The capacity at initial_n_segments*256Kbytes is secured as an initial index. The greater initial_n_segments value is, the higher updating speed we get (Within the range where the real memory size is not exceeded).

encoding can be either sen_enc_default, sen_enc_none, and sen_enc_euc_jp, sen_enc_utf8 or sen_enc_sjis.

 sen_index *sen_index_open(const char *path);

Open an index file at given path, and then return the corresponding sen_index instance.
When fails, NULL is returned.

 sen_rc sen_index_close(sen_index *index);

Close the index file and release the sen_index instance.
If it succeeds sen_success is returned, if it fails, the error code is returned.

 sen_rc sen_index_remove(const char *path);

Remove the index file at given path.
If it succeeds, sen_success is returned, if it fails, the error code is returns.

 sen_rc sen_index_rename(const char *old_name, const char *new_name);

Rename the name of the given index file, old_name to new_name.

 sen_rc sen_index_upd(sen_index *index, const void *key,
                      const char *oldvalue, unsigned int oldvalue_len,
                      const char *newvalue, unsigned int newvalue_len);

Update the value of document which corresponds to the given key in the index from oldvalue to newvalue.

oldvalue_len is the length of oldvalue.

newvalue_len is the length of newvalue.

When inserting new document, oldvalue is NULL and oldvalue_len is 0.

When deleting document, newvalue is NULL and oldvalue_len is 0.

It is necessary to specify correct old value for when updating.

 sen_records *sen_index_sel(sen_index *index,
                            const char *string, unsigned int string_len);

Search for document whose value contains string, then return a sen_records instance.

string_len is the length of string.

** sen_records Type

Contains records which are returned as the search result.

It designates one record among others as the current record.

 int sen_records_next(sen_records *r, void *keybuf, int bufsize, int *score);

Advance to the next record the current record if it is possible.
Return 0 if fail, otherwise return length of the key of current record.
If it is successful, keybuf is not NULL and bufsize is greater than length of the key, the value of the key will be copied to keybuf.
If score is not NULL, it will be set to the score value of current record.

 sen_rc sen_records_rewind(sen_records *records);

The current record is cleared. To read records again from the first records, a call to sen_records_next() is needed.

 int sen_records_curr_score(sen_records *records);

Return score of the current record (goodness of relevant for search query).

 int sen_records_curr_key(sen_records *records, void *keybuf, int bufsize);

Return length of the key of current record.
If current record doesn't exist, return 0 (zero).

Right after calling to sen_index_sel(), sen_index_select() or sen_records_rewind() functions, current record doesn't valid.
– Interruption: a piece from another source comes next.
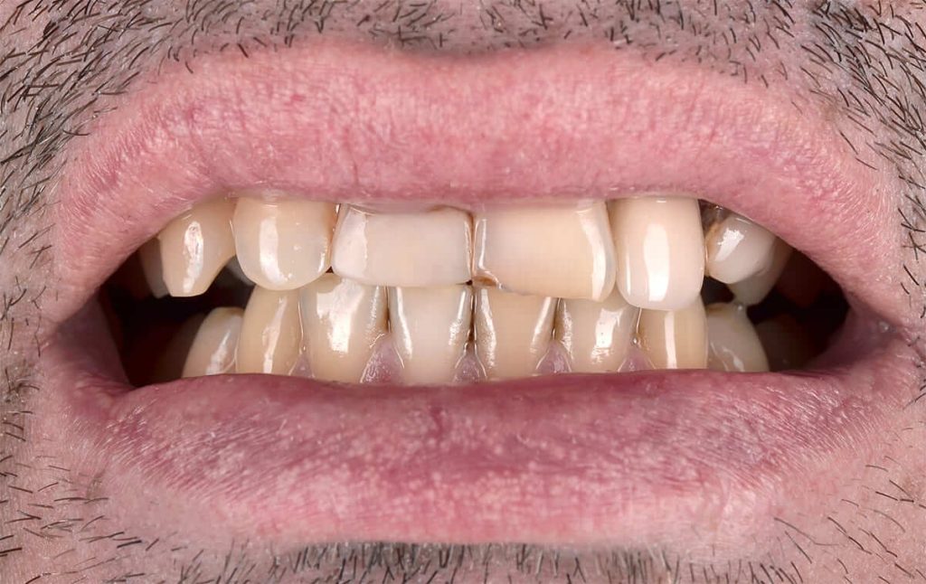 - Many years ago, the patient got his teeth chipped due to a boxing injury. Later, endodontic treatment of 11, 22, 23 teeth was performed. The 22 tooth was replaced with a porcelain-fused-to-metal crown.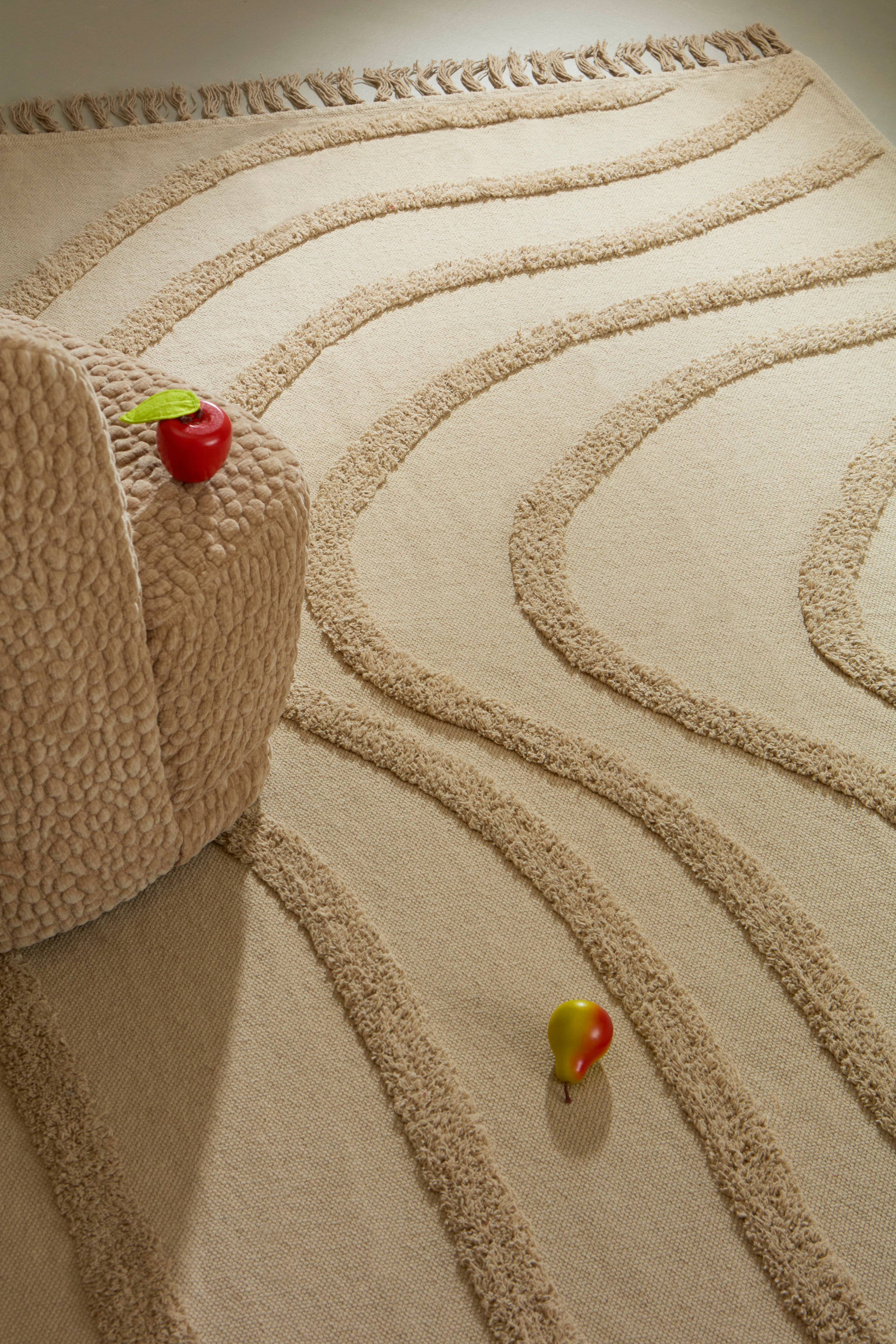 Webteppich aus Baumwolle mit getufteten Streifen, die dem Flor ein schönes Wellenmuster verleihen. Mit schönen geknoteten Fransen an den Stirnseiten. Fransenlänge 8 cm. Florhöhe 1 cm. Dicke 1,1 cm. 1235 g/m².

Therefore it must call to sen_records_next() to make current record available.

If key_size of the index corresponds to the records object is greater than 0 (zero), the return value (if current record is available) is key_size.

If keybuf is not NULL and bufsize is greater than the length of the key of current record, the value of the key will be copied to keybuf.

 int sen_records_nhits(sen_records *records);

Return the number of records which are included in records.

 int sen_records_find(sen_records *records, const void *key);

Find record which corresponds to given key in the records, return score value ifsuch record exist.
After you execute sen_records_find, you have to execute sen_records_rewind before you use sen_records_next.

 sen_rc sen_records_close(sen_records *records);

Release the records instance.

*Advanced API

Advanced API is used to control & tunning the precision of search result. With advanced API, in addition to sen_index type and sen_records type, there is a sen_values type which holds the information about content of the document to be registered into index.

** sen_values Type

The sen_values type is a data type to temporarily store information about the content of the registered document in the memory.
In basic API, value of the document is treated as a flat, single character string, but in advanced API, one document can be treated as sets of two or more sections. Moreover, each section can be managed as a list of the character string with different weight. Thereafter, search result can be sorted using weight values.

 sen_values *sen_values_open(void);

Create a new sen_values instance.

 sen_rc sen_values_close(sen_values *values);

Release the given sen_values instance.

 sen_rc sen_values_add(sen_values *values, const char *str, unsigned int str_len,
                       unsigned int weight);

Add the character string str with weight value of which length is str_len.

** sen_records Type

In advanced APIs, more complex operation functions on sen_records are offered.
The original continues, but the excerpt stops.